L'article L. 342 prévoit également que les arrêtés préfectoraux doivent
être motivés et énoncer avec précision les circonstances qui ont rendu
l'hospitalisation nécessaire.

      La Commission considère en conséquence que l'internement d'une
personne en vertu de l'article L. 342 du code de la santé publique répond
à l'exigence de légalité ci-dessus exposée.

      Il échet à présent d'envisager si l'internement du premier requérant
est régulier et respecte les "voies légales", au sens de l'article 5
par. 1 (art. 5-1). A cet égard, la Commission relève que les deux ordres
de juridiction ont eu à se prononcer sur la régularité de l'internement,
au sens de cette disposition. Le juge judiciaire, compétent pour en
examiner le bien-fondé, a estimé, au vu du rapport d'expertise
psychiatrique et des résultats de l'enquête sociale, que l'internement
se justifiait, en raison de la pathologie du premier requérant.
L'expertise concluait en effet qu'il présentait objectivement tous les
traits d'une personnalité pathologique paranoïaque et qu'il existait un
risque "hétéro-agressif".

      Pour sa part le Conseil d'Etat, saisi d'un recours portant sur la
régularité formelle de l'arrêté du 13 juin 1991, sur le fondement duquel
le premier requérant est détenu, l'a rejeté au motif que cet acte était
conforme aux prescriptions de l'article L. 342 du code de la santé
publique.

      Rappelant qu'il appartient au premier chef aux autorités internes
d'apprécier les preuves produites devant elles, la Commission ne voit pas
de raisons de remettre en cause leur appréciation sur la régularité de
l'internement.
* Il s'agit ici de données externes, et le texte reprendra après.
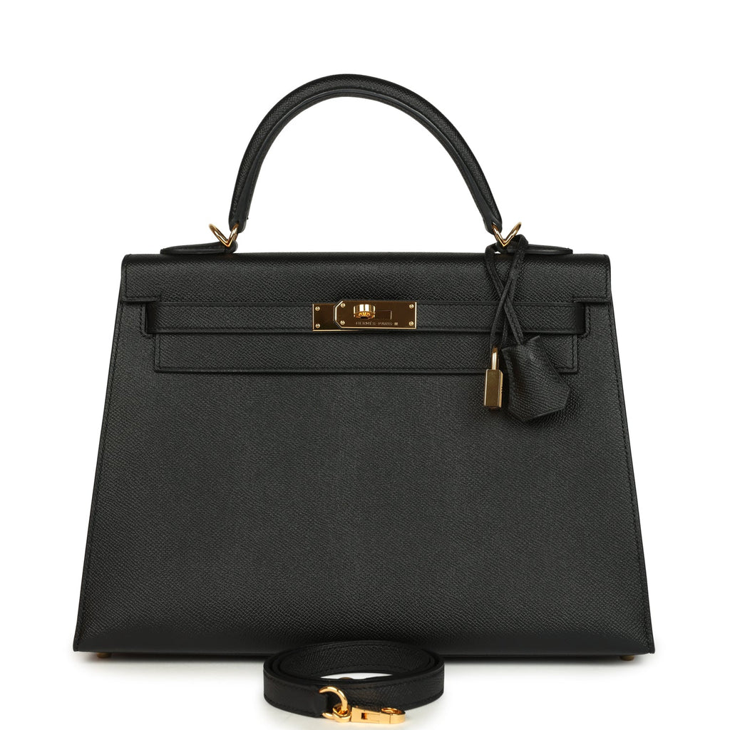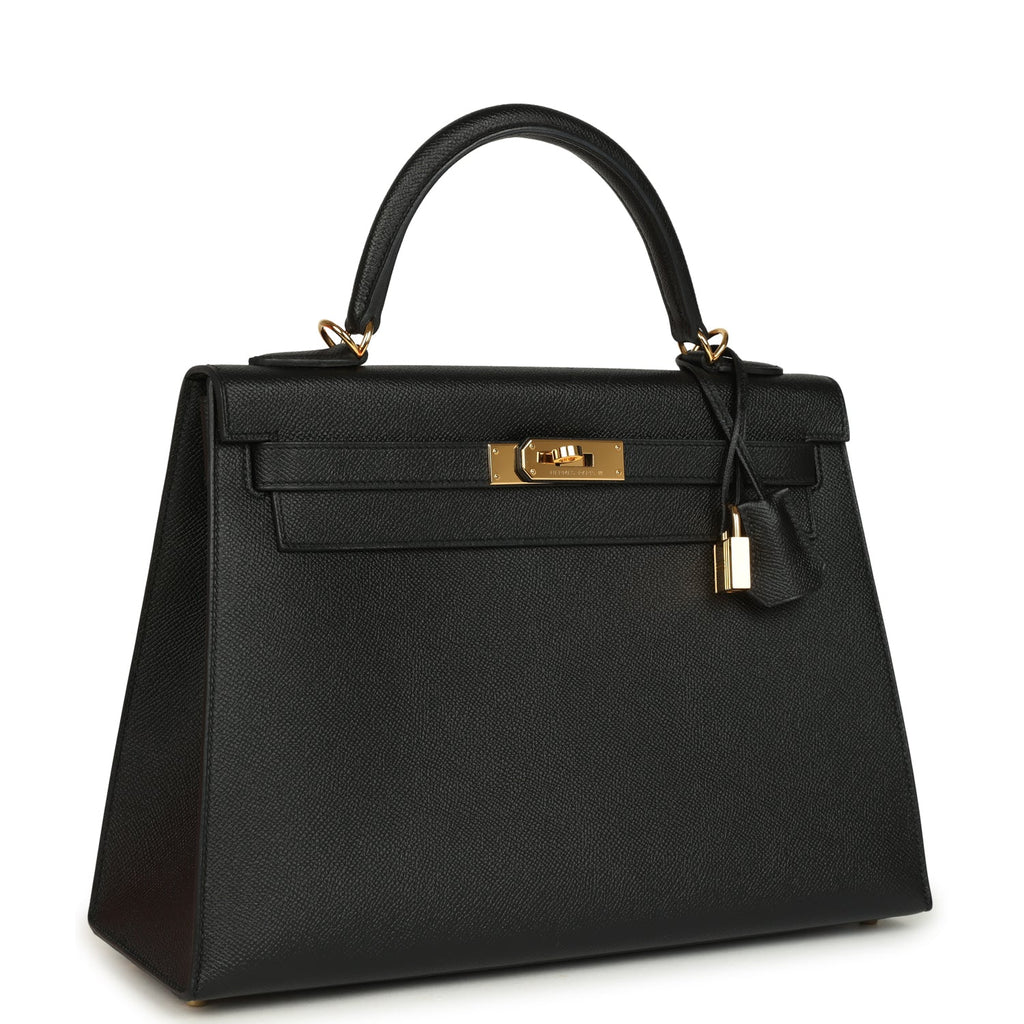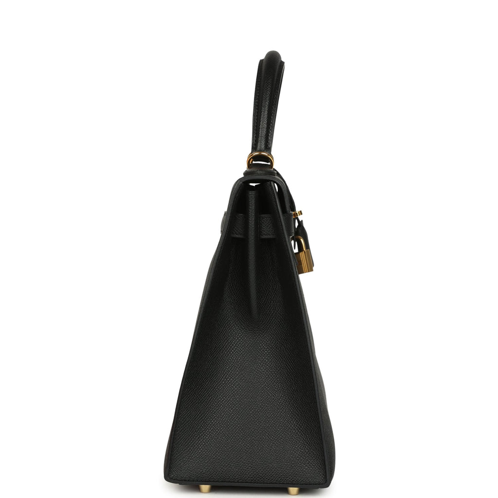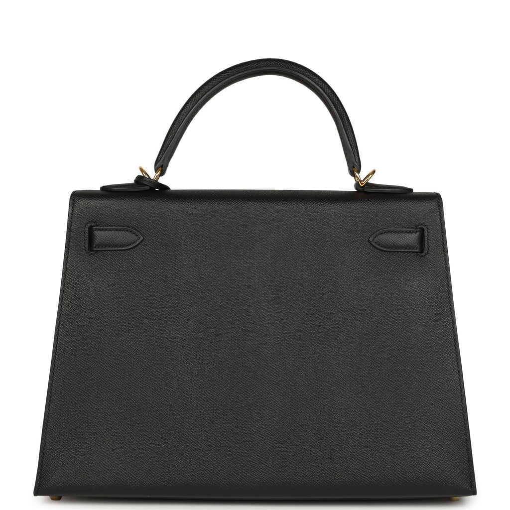 Pre-owned Hermes Kelly Sellier 32 Black Epsom Gold Hardware

Elle ne trouve pas davantage dans le dossier d'indice
pouvant laisser croire que l'internement du premier requérant aurait
poursuivi un but illicite (cf. arrêt Winterwerp précité, p. 19, par. 42).

      Il s'ensuit que cette partie de la requête est manifestement mal
fondée au sens de l'article 27 par. 2 (art. 27-2) de la Convention.

3.    Le premier requérant se plaint de n'avoir pas eu notification et
information des décisions ordonnant ou maintenant son internement,
contrairement à l'article 5 par. 2 (art. 5-2) de la Convention, qui est
ainsi rédigé :

      "Toute personne arrêtée doit être informée, dans le plus court
      délai et dans une langue qu'elle comprend, des raisons de son
      arrestation et de toute accusation portée contre elle."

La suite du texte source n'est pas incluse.